◆ EXERCISE MATERIAL ◆

---

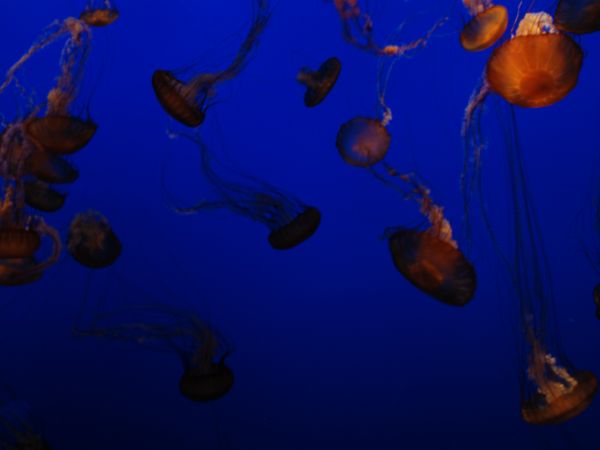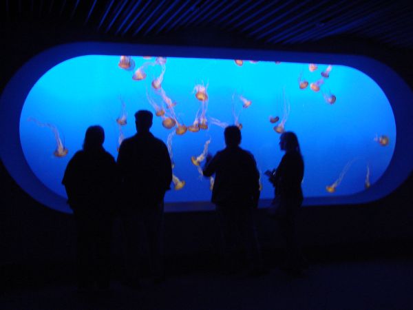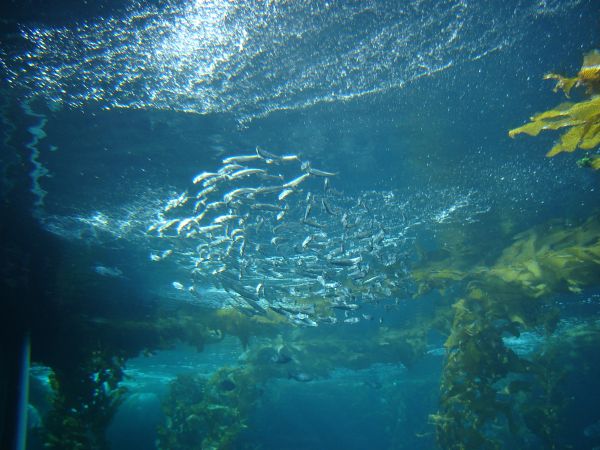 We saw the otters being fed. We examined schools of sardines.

---

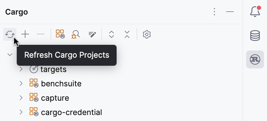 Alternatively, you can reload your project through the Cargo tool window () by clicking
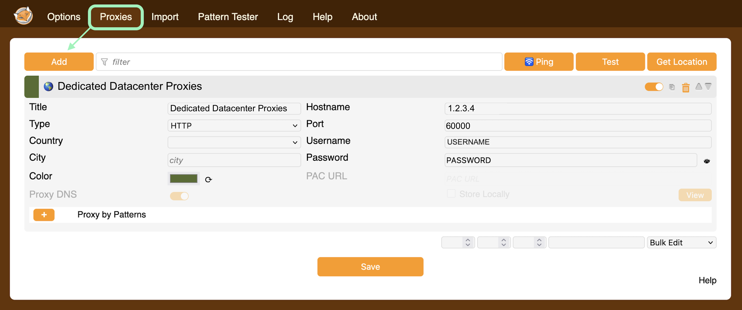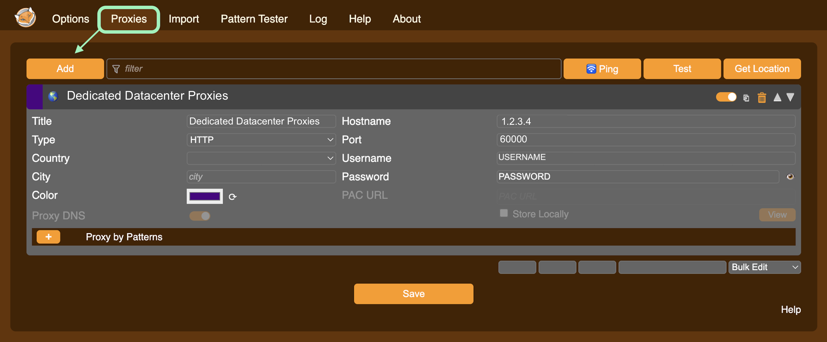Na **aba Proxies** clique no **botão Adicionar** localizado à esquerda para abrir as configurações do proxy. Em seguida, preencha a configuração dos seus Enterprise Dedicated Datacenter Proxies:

---

◆ DESCRIPTION OF THE TASK ◆
Write out again exactly the lines above from the one with "Alternatively, you can" through the one with "Na **aba Proxies**", adding no other lines and no pictures.

◆ PROBLEM SOLUTION ◆
 Alternatively, you can reload your project through the Cargo tool window () by clicking
Na **aba Proxies** clique no **botão Adicionar** localizado à esquerda para abrir as configurações do proxy. Em seguida, preencha a configuração dos seus Enterprise Dedicated Datacenter Proxies:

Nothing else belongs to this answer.